### RAW DATA
-- -- --

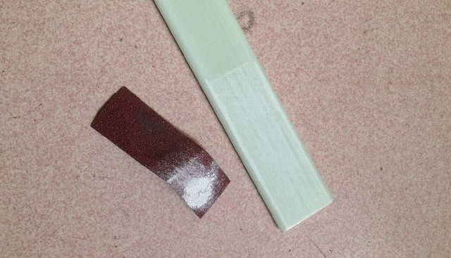 Na primeira rodada, use uma lixa 400 para lixar fora das bordas e cantos, especialmente no sulco de encaixe. </span >Na segunda rodada, utilize lixa 2000 para deixar as áreas de colagem (madeira e fibra de vidro) ásperas (a fim de colar mais firmemente). Ou use lixas de sua preferência.</span >
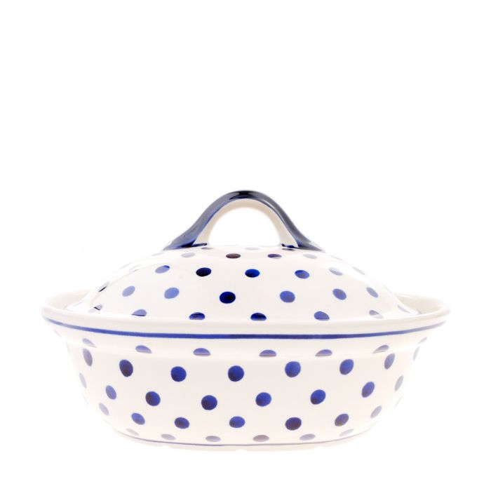 • Like the whole product range of Zakłady Ceramiczne "BOLESŁAWIEC", the roasters are also decorated manually with stamps and brushes, thanks to which each one is unique, and therefore minimal differences in decoration may occur between particular pieces within the same decorationD-37 decorationCobalt and a cream background is always a perfect colour combination, found on the pottery for decades. This decoration is simple, classic, although it can't be said to unequivocally refer to the tradition of Bolesławiec. Peas? Circles? Spots? Call it what you like, but be sure to check how tea tastes in a cup with such a motif.
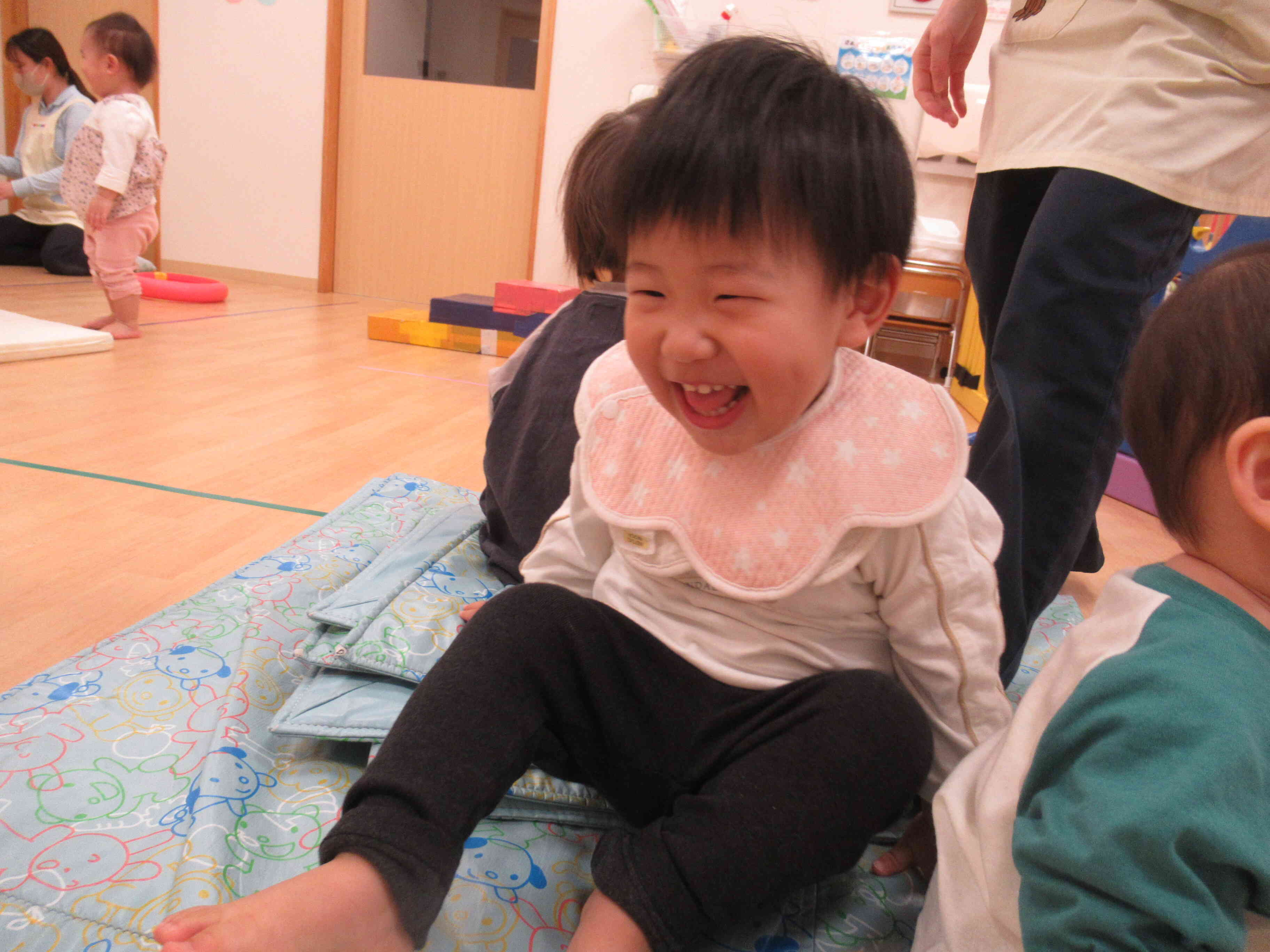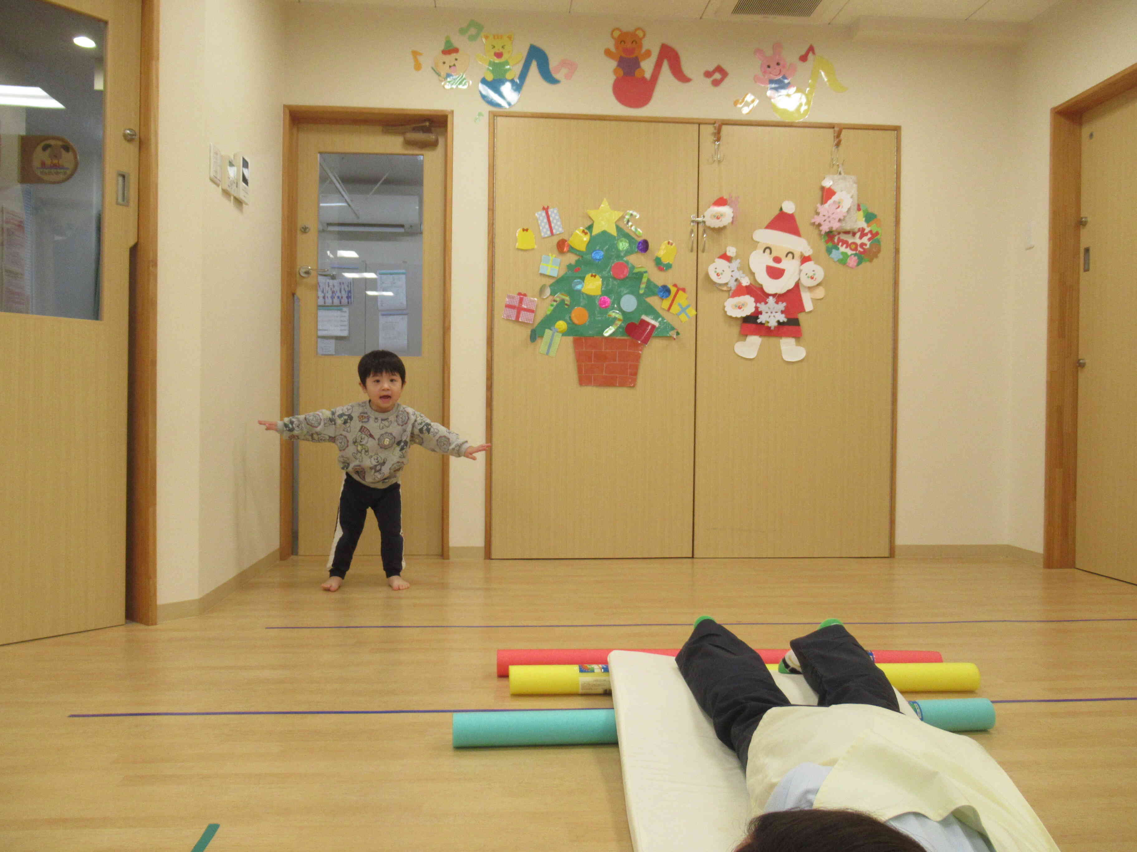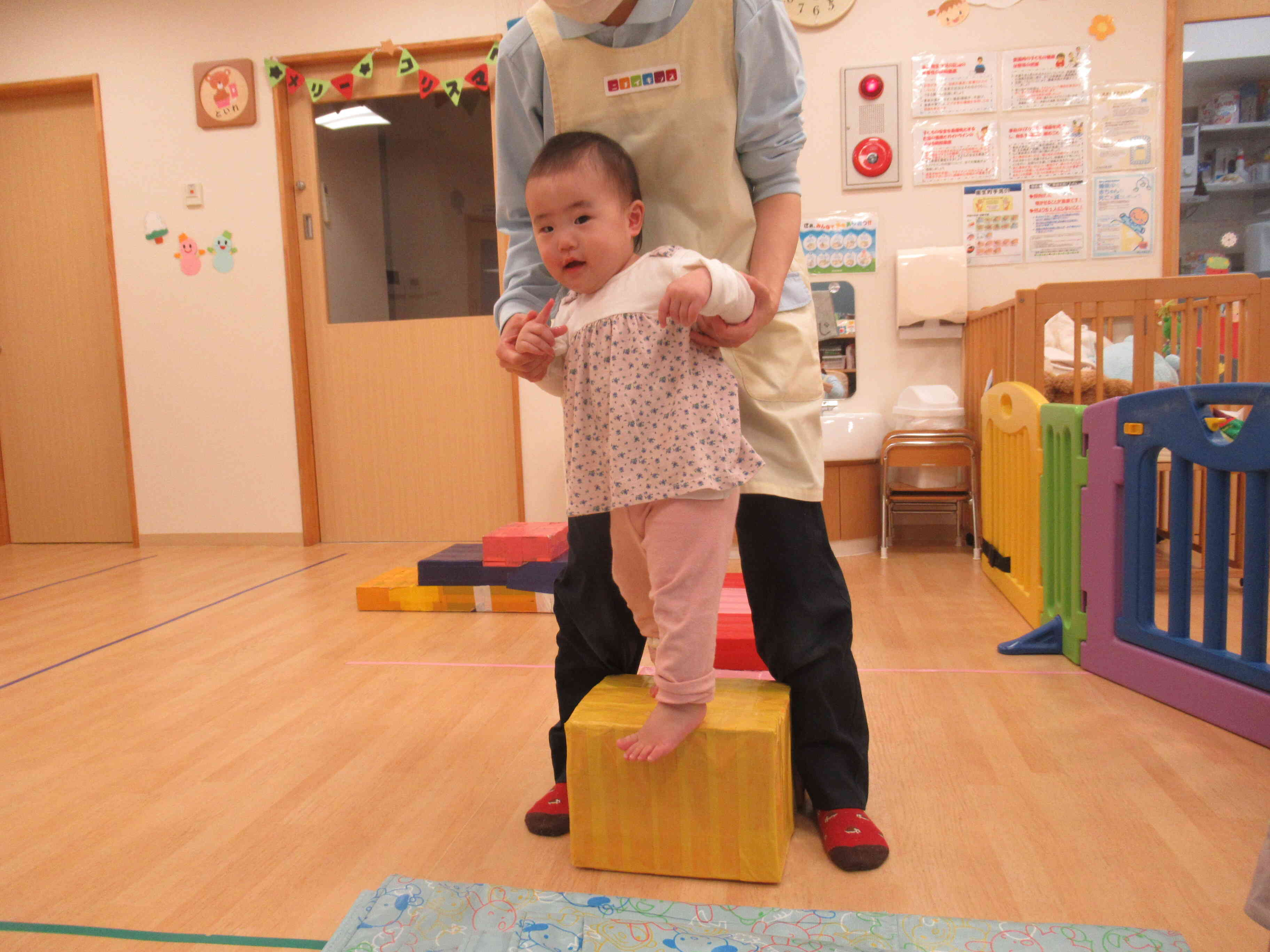 ハイハイで輪っかをくぐってみたり、障害物をのぼって、おりていっぱい体を動かしました。

-- -- --

### TASK STATEMENT
Exact output of each line above is wanted, without the pictures.

### RESULT
 Na primeira rodada, use uma lixa 400 para lixar fora das bordas e cantos, especialmente no sulco de encaixe. </span >Na segunda rodada, utilize lixa 2000 para deixar as áreas de colagem (madeira e fibra de vidro) ásperas (a fim de colar mais firmemente). Ou use lixas de sua preferência.</span >
 • Like the whole product range of Zakłady Ceramiczne "BOLESŁAWIEC", the roasters are also decorated manually with stamps and brushes, thanks to which each one is unique, and therefore minimal differences in decoration may occur between particular pieces within the same decorationD-37 decorationCobalt and a cream background is always a perfect colour combination, found on the pottery for decades. This decoration is simple, classic, although it can't be said to unequivocally refer to the tradition of Bolesławiec. Peas? Circles? Spots? Call it what you like, but be sure to check how tea tastes in a cup with such a motif.
 ハイハイで輪っかをくぐってみたり、障害物をのぼって、おりていっぱい体を動かしました。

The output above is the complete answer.